Computer scientists say they are now able to reconstruct lost languages using big data computing techniques and machine learning.

They’ve already used it to reconstruct ancient Proto-Austronesian, which gave rise to languages spoken in Polynesia, among other places. The team now plans to use the same computational model to reconstruct indigenous North American proto-languages.

The model is based on the established linguistic theory that words evolve along the branches of a family tree. Linguists typically use what is known as the ‘comparative method’ to establish relationships between languages, identifying sounds that change with regularity over time to determine whether they share a common mother language.

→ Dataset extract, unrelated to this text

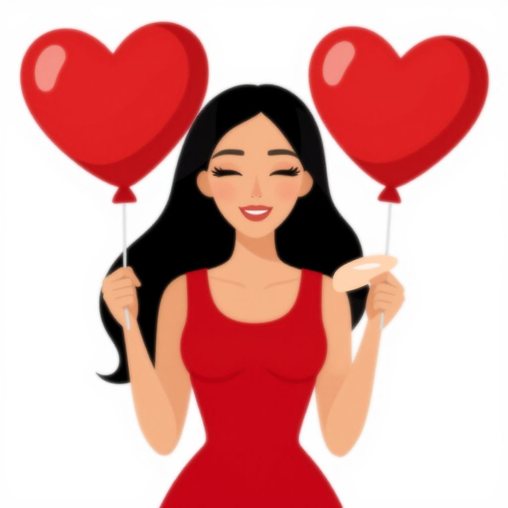 Beautiful Woman Holding Heart Balloons

“What excites me about this system is that it takes so many of the great ideas that linguists have had about historical reconstruction, and it automates them at a new scale: more data, more words, more languages, but less time,” says Dan Klein, an associate professor of computer science at UC Berkeley.

The computational model used probabilistic reasoning – which explores logic and statistics to predict an outcome – to reconstruct more than 600 Proto-Austronesian languages from an existing database of more than 140,000 words.

It replicates what linguists had previously done manually with 85 percent accuracy – and took just hours, rather than years. Using an algorithm known as the Markov chain Monte Carlo sampler, the program sorted through sets of cognates – words in different languages that share a common sound, history and origin – to calculate the odds of which set is derived from which proto-language. At each step, it stored a hypothesized reconstruction for each cognate and each ancestral language.

And the program doesn’t just reveal languages of the past – it can provide clues to  how languages might change in future too.

“Our statistical model can be used to answer scientific questions about languages over time, not only to make inferences about the past, but also to extrapolate how language might change in the future,” says Tom Griffiths of UC Berkeley’s Computational Cognitive Science Lab.